Aquilina was speaking at the opening of a debate on amendments to the Prevention of money laundering Act. Justice Minister Edward Zammit Lewis explained that the aim of the bill is to transpose the Sixth Money Laundering Directive on combating money laundering into the criminal law.

In his address, Aquilina said the government's lack of commitment to fighting money laundering could be seen from the fact that the deadline for the transposition of this directive passed several months ago.

But this lack of commitment could also be seen elsewhere.

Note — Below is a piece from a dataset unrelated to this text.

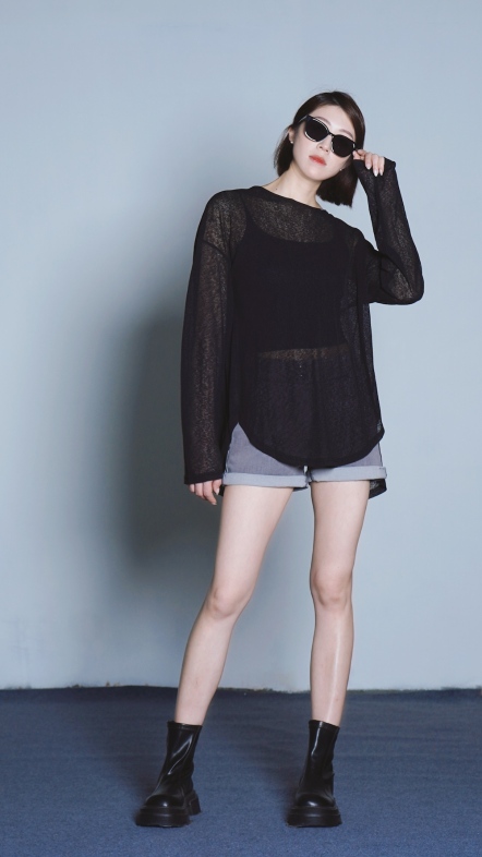 +涼感透膚材質:輕薄親膚,透氣舒適,適合夏日穿搭。

For example, eight months ago, the new Commissioner of Police said the investigation into Pilatus Bank was in the final stages and people would be taken to court.  Eight months on, and nothing had happened, even though this was a bank which had had its licence withdrawn by the European authorities. Its owner was taken to court in the USA and there were serious doubts as to why charges against him were dropped. 

Similarly, could someone explain why no one was arraigned after the conclusions of the inquiry into kickbacks from passport sales, in which  Keith Schembri and Brian Tonna were allegedly involved?

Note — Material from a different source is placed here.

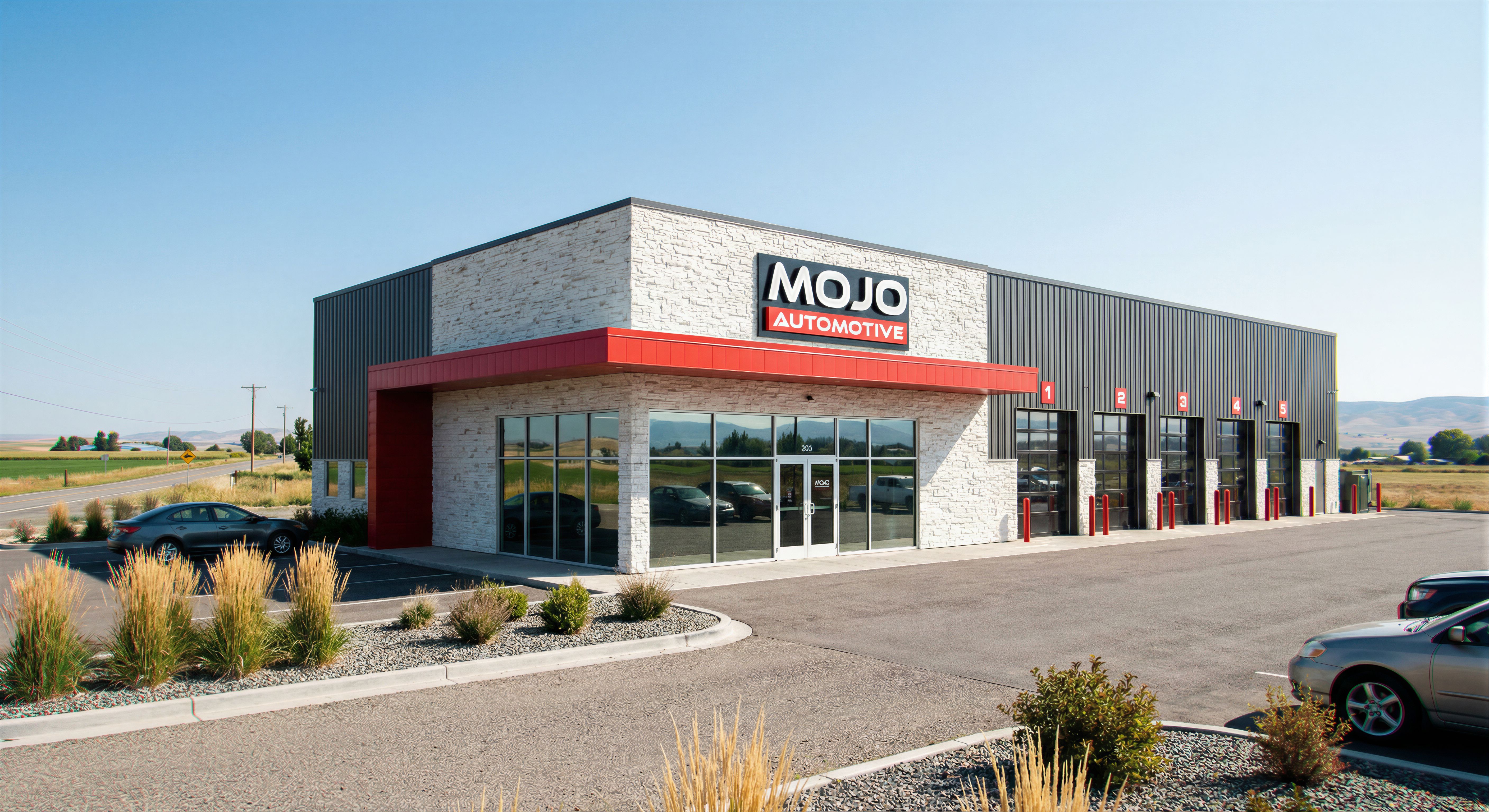 Make this image realistic in a semi urban/rural environment. Match materials from the image. Shoot image from eye level.

Similarly, no action had been taken against Konrad Mizzi, despite his admission to having set a secret company in Panama and a trust in New Zealand, for reasons which no one believed.

Aquilina suggested that some magistrates should be allowed to focus exclusively on inquiries. It was very difficult for them to work is they had to hear some 120 district cases in the morning, only to then have to handle delicate inquiries, he said.

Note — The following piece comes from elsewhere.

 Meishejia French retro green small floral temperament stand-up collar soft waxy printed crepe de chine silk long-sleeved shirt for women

Malta needed to pass the Moneyval test, he said, but Malta would not have reached this stage had the government not be complacent over money laundering.

Mario de Marco, shadow minister for finance, insisted that the government needed to show conviction in the fight against money laundering and not act out of convenience because of the Moneyval concerns. 

Reiterating the lack of action in the cases mentioned by Aquilina, he also observed that although the Asset Recovery Bureau was set up in 2015, it was only two years later that the first of the legal notices to enable it to function were approved, with the rest following in 2018. As a result, the assets recovered from crime had been negligible. 

The fight against money launching had to be made without fear or favour, independently if the suspects happened to be a former chief of staff or a former minister, he said.  

In winding up the debate, minister Edward Zammit Lewis said there were no excuses for some inquiries to take years, such as six years. This undermined the preservation of evidence. He said there did not seem to be magistrates who were keen to focus exclusively on inquiries. Furthermore, it was not his competence as a minister to tell the chief justice to assign magistrates to work exclusively on inquiries. However, the fact that four more magistrates were being engaged led one to expect greater efficiency in the handling of inquiries. Still it was not easy to recruit supporting staff to work with magistrates in inquiries. 

On the Asset Recovery Bureau, the minister said the record on confiscation of assets after a criminal conviction was not a good one. There had been problems, such as the storage of such assets, such as yachts. He was committed to strengthening this sector and a fresh call had been issued for a CEO to run the bureau. Warehousing was also being set up. 

What Moneyval had stressed in its report was 'effectiveness of action' and it was this that the government was working on, both through a string of legislation in record time,  as well as practical actions. The police, for example, had become more effective as had the Office of the Attorney General. The Opposition had asked about the arraignment of certain people. All were considered equal under the law, the minister said. The structural problems which Malta had were being overcome, Zammit Lewis said. The opposition should be giving a helping hand and it should recognise the work which was being put in.